Saturday’s massive march for Palestine feels like a much needed and much delayed breaking point in British politics.
The Tory Home Secretary’s and Prime Minister’s increasingly frantic efforts to paint the hundreds of thousands of trades unionists, Jewish people, families and ordinary people who marched as dangerous “haters” and disrupters of Remembrance Day commemorations backfired horribly on them and in fact may well have boosted attendance.
Many of the marchers might be seen as natural Labour voters – so the Labour leadership’s determination to condone ethnic cleansing may well be causing problems for their electoral chances – and raising questions for many about an alternative political voice for working people and all those who cannot accept that we must stand aside in the face of murderous barbarism.
As it turned out, in a surprise for no-one except the Home Secretary and the Prime Minister, the only group who disrupted events at the Cenotaph was the far right – which fact even the establishment-oriented BBC was compelled to report.
Ironically (history repeating as farce) these disrupters of the Cenotaph ceremony subscribe to the same ideology as those who carried out genocide against the Jewish people up to and during the Second World War. They had gotten Suella Braverman’s sympathy for (in her fevered imagination) being less fairly treated than those who participated in the Black Lives Matter demonstrations. – and yet here they were causing problems for the Commemoration of those who died in the fight against fascism.
Sadly, though many Unite banners were on the march, there was no national mobilisation by our union of the membership, nor was a national banner carried on the march, and nor was there a prominent national Unite speaker at the rally – despite initiatives and motions from various lay member bodies to the General Secretary over the last few weeks asking for all these things as a matter of urgency.

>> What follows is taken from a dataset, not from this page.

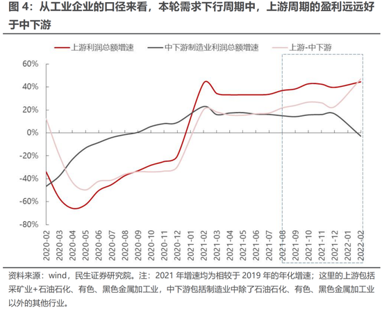 上述增速差背后其实反映了上游周期股盈利更多来自价格水平而非量的增长,与全球通胀更相关;而国内需求预期的下行(包括近期疫情的反复)使得中下游的盈利改善预期受到了压制。

Further – in spite of Unite finally agreeing to support a public statement calling for a ceasefire after almost four weeks of indiscriminate bombings of a largely defenceless civilian population, many Unite activists are still asking why there is no national call for PSC rallies on our national website, such as the one on Saturday 11th which attracted nearly half a million people. Why are there are no national Unite speakers on the podium and why our General Secretary or other prominent national employees of the union are not publicly expressing solidarity at these events on behalf of the national union.
This is the time to stand up for Gaza, for our democratically agreed policies on Palestine, as thousands of our members are already doing, in their workplaces, branches, union committees and on the streets.